Monday, June 30, 2014

Zero em futebol, Dez em torcida

Se existisse um boletim de torcedor, essas seriam minhas notas. Não pretendo saber nada de futebol. Nada mais que uma brasileira, criada numa família que não se interessava pelo esporte, possa  conhecer. A gente conhece os nomes, já leu uma ou outra crônica, tem noção de que o Saldanha e o Nelson sabiam escrever sobre as partidas, sabe o que é pênalti – embora nem sempre reconheça com exatidão os motivos para eles serem marcados. Não sei como meus filhos, criados com a indiferença futebolística de pai e mãe, se tornaram apaixonados por futebol, ou por outros esportes. Nasceram assim, herança genética de algum tataravô atlético que desconheço.
Mas, talvez por ser mãe praticante, sei torcer. Estou sempre na torcida pelos meus filhos, pelos amigos, assim como passei a vida torcendo pelo meu marido, confiando, acreditando até o último minuto e, quando por ventura alguma coisa não dava certo, escondendo minha decepção e me convencendo (e a todos ao meu redor) de que "agora" ia dar certo.
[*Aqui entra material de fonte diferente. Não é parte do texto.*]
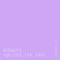 Цвет #CDA6F5 в цветовой модели RGB обозначается тремя октетами (205, 166, 245) в десятичном формате и #CDA6F5 в шестнадцатиричном (hex) формате, которые являются интенсивностью красного 205 (hex CD), интенсивность зелёного 166 (hex A6) и интенсивность синего 245 (hex F5).
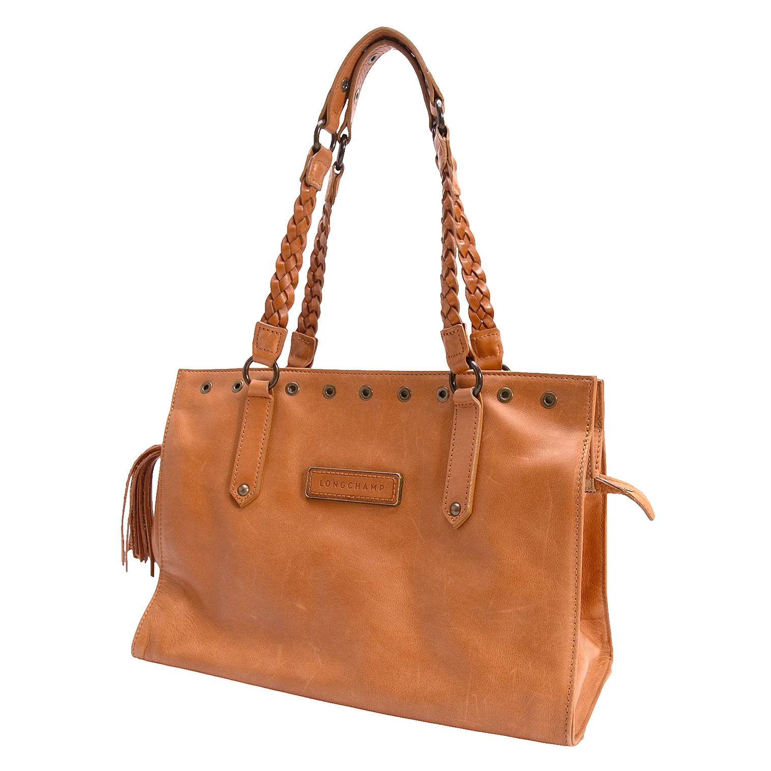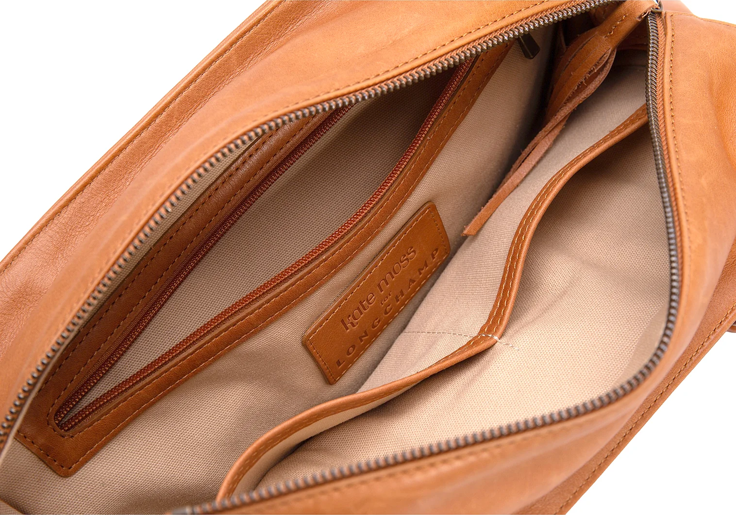 ケイトモスフォーロンシャンkate moss for LONGCHAMP レザーロゴプレートハンドバッグ キャメル
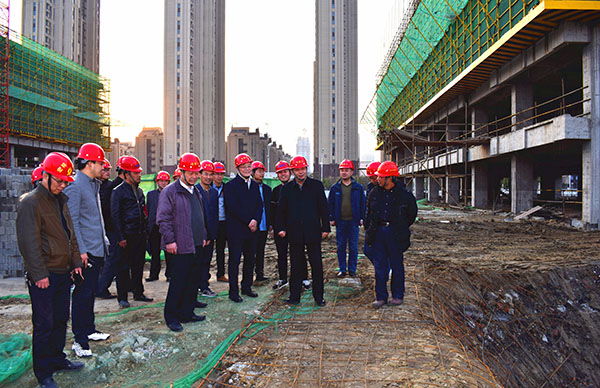 校党政办、医管处、人事处和东校区建设指挥部工作人员陪同察看施工现场。 (东校区建设办公室)
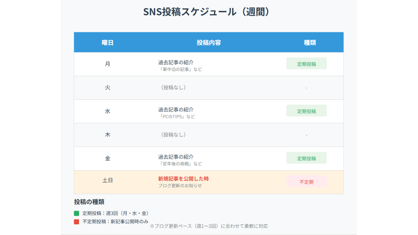 SNS投稿スケジュール表 週3回の定期投稿と新記事時の不定期投稿
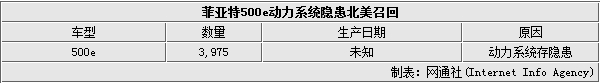 由于动力系统存在隐患,菲亚特克莱斯勒汽车公司(FCA)在北美地区对菲亚特500e车型进行召回,涉及3,975辆。
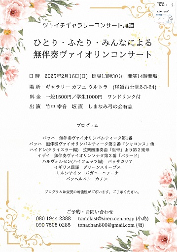 ツキイチギャラリーコンサートin尾道 ひとり・ふたり・みんなによる無伴奏ヴァイオリンコンサート
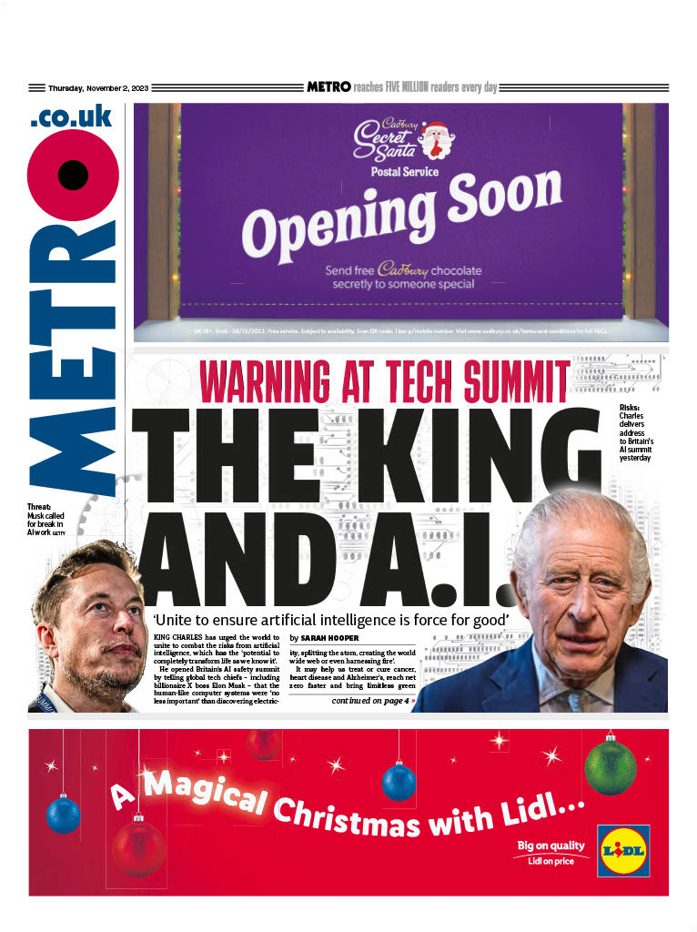 The Metro reports on the King’s call for global unity in managing the potential dangers of artificial intelligence.
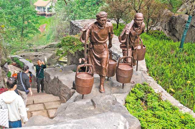 4月10日,江北区北滨路,巴人汲水公园开园。公园以艺术再创造方式,依山就势,还原了徐悲鸿名作《巴人汲水图》的场景。记者 崔力 摄/视觉重庆
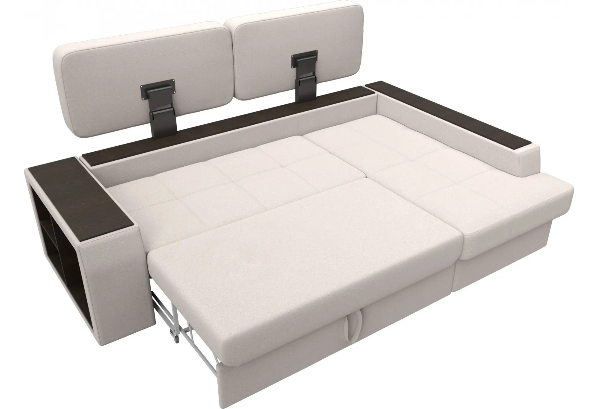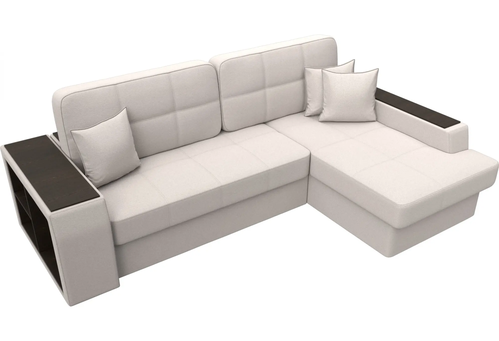 Шикарный угловой диван Брюссель удобен и функционален в использовании. Подлокотники выполняют роль мини-столиков. Одна из боковин дополнена книжными полками, декорированным «под дерево». Изделие оснащено удобным механизмом трансформации в двуспальную кровать.
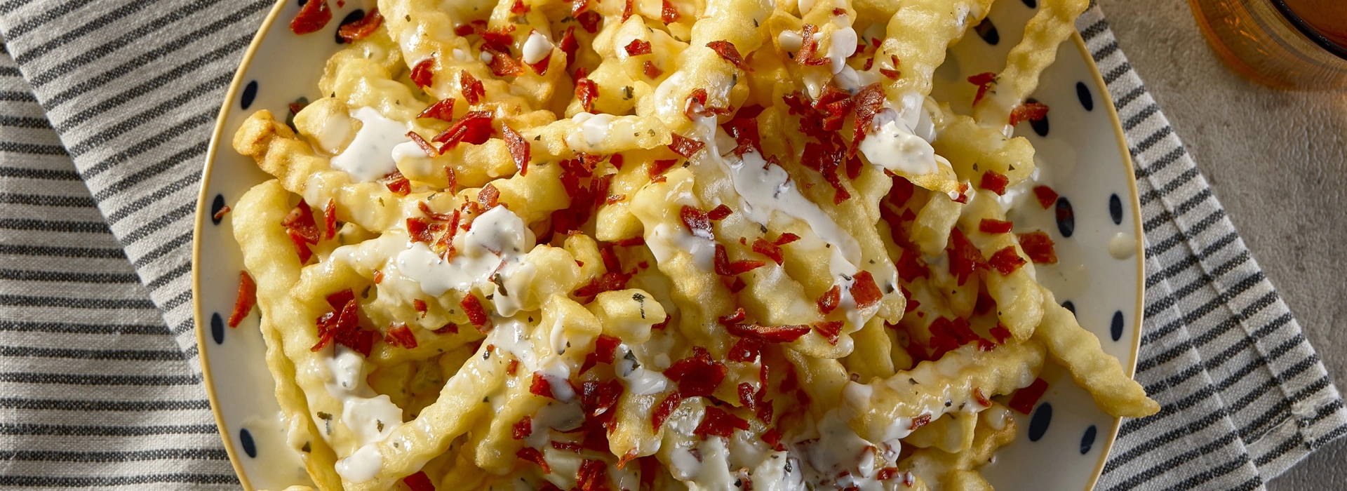 •누구나 좋아하는 치즈와 베이컨을 곁들여 크링클컷 프라이를 먹는 즐거운 방법
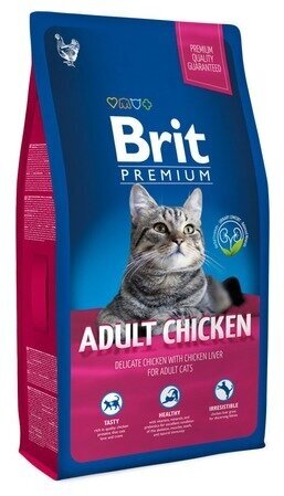 Купить Сухой корм для кошек Brit Premium, для здоровья кожи и блеска шерсти, с курицей, с куриной печенью 8 кг
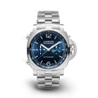 Unworn Panerai Luminor Chrono PAM01110. 44 mm, Blue dial, AISI 316L brushed steel case, Polished Steel bezel, P.9200 calibre, Automatic mechanical Movement, 41 jewels, 42 hours power reserve, Steel Steel straps. Water resistant to 100 m.
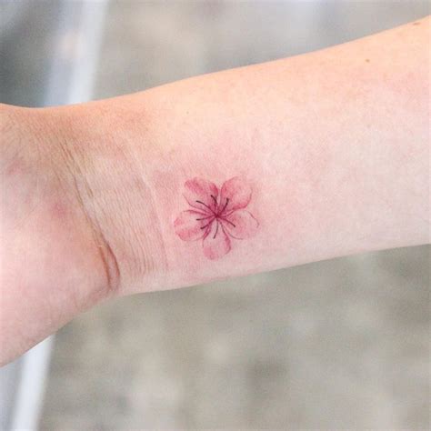 One of the most popular floral tattoo designs around the world is the cherry blossom tattoo. Personalize yours for unique items. The concept of impermanence and fleeting beauty. For example, you can make a small branch with flowers tattoo on the shoulder or chest. Small cherry blossom flower tattoo

Torço ardentemente pelo Brasil, espero que o time vença e fico indignada com todos esses entendidos que expressam suas desconfianças em público. Fico danada com comentários que só ressaltam a trave, e não o goleiro. Ora bolas! Futebol não é ciência, não é estratégia, não é probabilidade, não é nada disso. Futebol (e a vida) é a peça Ricardo III. Tá todo mundo achando que os outros estão em vantagem, mas a gente sabe que vai conseguir. E consegue. Naquela noite angustiosa antes da batalha, uma única pessoa acredita. Tem fé apesar de tudo, racionalmente, estar apontando para o fracasso. Ele fala, sem mentir, apelando para a emoção e para a entrega. Revela sua fé naqueles guerreiros e essa crença vai contagiando até que todos se animam e percebam que precisam de estar com os corações confiantes para que os deuses os favoreçam.
Vamos torcer, gente. Sem medo do ridículo, pois todo amor, já disse o poeta, é ridículo quando expresso em palavras, e precisa de ser ridículo para que seja verdadeiro. Vai Brasil-il-il.

Monday, June 23, 2014

O que será que me dá?

De quatro em quatro anos sou acometida de uma virose que me transtorna e transforma. Descubro que, encarcerada a sete chaves, tenho uma outra personalidade turbulenta, passional, bagunceira e irreverente que, além do mais, gosta de futebol.
Ela passa anos sem se manifestar hibernando, e chego a esquecer que essa outra Lúcia, que se veste com roupas verde-amarelas, que não desdenha o uso de perucas e adereços e que diz bobagens, grita e sopra buzinas desafinadas faz parte de mim.
Ela tem uma vitalidade que não tenho. Pula e abraça pessoas sem um pingo de cerimônia. Diz coisas que eu, em meu estado normal, preferiria morder a língua até sangrar a proferir as palavras que essa outra usa sem se envergonhar.
A duração dessa virose depende da participação do Brasil na Copa. E, à medida que o time vai avançando nos jogos, vai ficando cada vez mais séria. Houve uma Copa em que me julguei curada: aquela malfadada Copa na França, quando o time entrou rendido em campo. Ao olhar aqueles "heróis" já vencidos antes mesmo da batalha, fiquei tão indignada que não sei como cheguei até o final do jogo.  Jurei que nunca mais assistiria a um jogo do Brasil. Depois disso, a "outra" ficou enclausurada, sem dar sinal de vida durante duas Copas. Em 2010 amoleci um pouco, e, vez por outra a turbulenta tornava a botar a cabecinha de fora, soprando uma buzina solitária na varanda do meu apartamento. E, embora não tenha assistido a nenhum jogo naquele ano, ligava religiosamente a TV na sala e voltava para o escritório para ler, mas mantendo os ouvidos alertas na esperança de ouvir os gritos de gol. Quando isso acontecia, corria para ver a comemoração na TV, e depois voltava ao meu sossego.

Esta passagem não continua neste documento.